目黒の「キャス クルート」のメニューによれば、山シギ、ベキャスとのこと。
私は違うと思います。
真の王者は野うさぎ。
本国フランスでは、野うさぎ料理のコンクールはあれど、ベキャスでは聞いたことがありません。
「Lièvre à la royale」
フランス料理の本物のシェフなら、誰もが思う存分、腕をふるってみたい料理でしょう。
そして、多くの人が、何度作ってみても理想の味にならず、悲嘆にくれる料理でもあります。
世界の食都などともてはやされる東京ですが、野うさぎのロワイヤルを出す店というのは、さすがにそう多くないようですね(家禽に含まれる飼いうさぎ:ラパンとは別です、念のため)。
良い材料が手に入りにくいから?
それとも、料理人が怠慢だから?
いやいや、食べ手の側が未熟で、野うさぎの良さを理解できないから?
色々事情があるのでしょう。
その中でも一番は、作るのに手間暇とコストがかかり過ぎるからでしょうか。
今年最初で、おそらく最後となるリエーブルを、乃木坂の「FEU」で食べました。

野うさぎ一羽に対して、赤ワイン、なんと20数本も使ったのだとか。
普通は、うさぎの血だけでは足りず、豚の血を足してコクを補充するそうです。
が、この日の野うさぎは弾の当たり所が良かったらしく、自らの血だけで足りたのだとか。
豚の輸血なしの純血品というわけです。
シェフいわく、自身最高傑作とのこと。
なるほど、素晴らしい香りです。
トリュフの方は、あくまで伴奏者。主役は、野うさぎ本来の獣香です。
一糸まとわぬ男女のしとねに、ふっと漂う香りを彷彿とさせます。
こういうと、単なる変態のように思われるでしょう。別に結構。
ジビエを食す喜びとは、脳内における食欲と官能の混濁を感じることだと私は思います。その意味において、上手に作られた野うさぎは、王者と呼ぶにふさわしい料理でしょう。
合わせたワインは、当然、カリフォルニア。
ブランキエ・エステートのカベルネソーヴィニヨン2004。
どんなワインか、参考までにURLを張っておきましょう(私は米西海岸のネットオークションで安く落としました)。

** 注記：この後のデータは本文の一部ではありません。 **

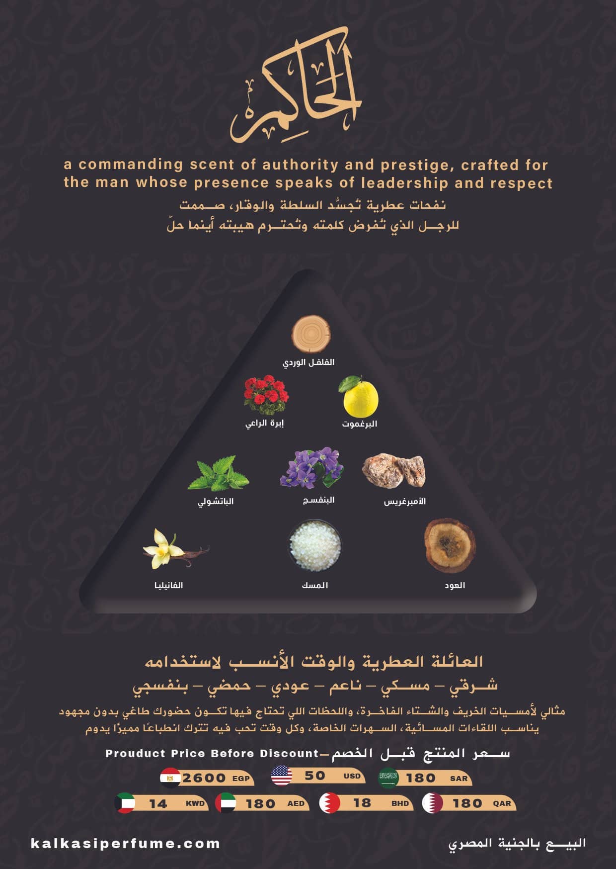 يمتاز “الحاكم” بجوهره الذي يحمل لمسة دخانية حلوة، إضافة إلى لمساته العشبية البلسمية التي تمنحك إحساسًا بقوة الثقة بالنفس. يتميز بتوازن رائع بين التوابل الدافئة والنكهات الحمضية المنعشة، مما يجعله مناسبًا لجميع الأوقات.

http://item.rakuten.co.jp/wine-takamura/1079267/#1079267
若いかな、と心配しましたが、飲んでびっくり。
タンニンがこなれていて、なめらかな飲み口。赤や黒の果実の香りに、なめし皮的なニュアンスが混じり、こんこんと湧いてきます。
厚化粧なところがなく、酸や渋みがしなやか。かなり上等のボルドーでないと、太刀打ちできないでしょう。
野うさぎには、絶好のお相手でした。
ワイン本人にとって、成仏するにふさわしい料理。
年に一度は、これくらい出来の良いリエーブルを食いたいものです。